Work instruction
Every line below from the one with "La célèbrissime Glossy" through the one with "Приложение Japanese Learning" should be retyped exactly, both ends included; no other lines and no pictures.

[Opening Information provided section]

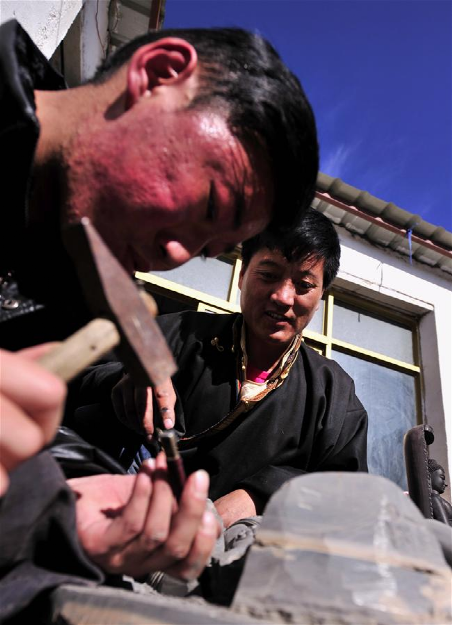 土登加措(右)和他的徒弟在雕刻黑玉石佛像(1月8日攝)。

[Closing Information provided section]
[Opening Information provided section]

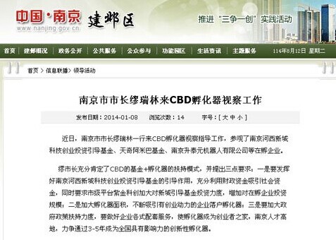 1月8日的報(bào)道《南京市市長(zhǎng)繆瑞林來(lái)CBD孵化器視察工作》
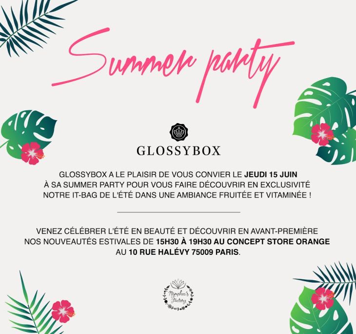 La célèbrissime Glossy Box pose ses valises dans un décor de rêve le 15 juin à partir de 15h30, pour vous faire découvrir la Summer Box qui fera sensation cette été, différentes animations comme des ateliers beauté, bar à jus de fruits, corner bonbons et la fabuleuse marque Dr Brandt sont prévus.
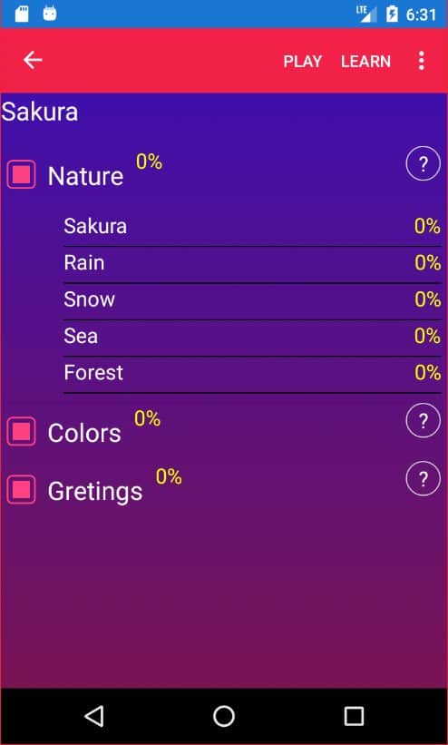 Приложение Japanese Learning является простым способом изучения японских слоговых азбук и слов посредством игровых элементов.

[Closing Information provided section]

Answer
 La célèbrissime Glossy Box pose ses valises dans un décor de rêve le 15 juin à partir de 15h30, pour vous faire découvrir la Summer Box qui fera sensation cette été, différentes animations comme des ateliers beauté, bar à jus de fruits, corner bonbons et la fabuleuse marque Dr Brandt sont prévus.
 Приложение Japanese Learning является простым способом изучения японских слоговых азбук и слов посредством игровых элементов.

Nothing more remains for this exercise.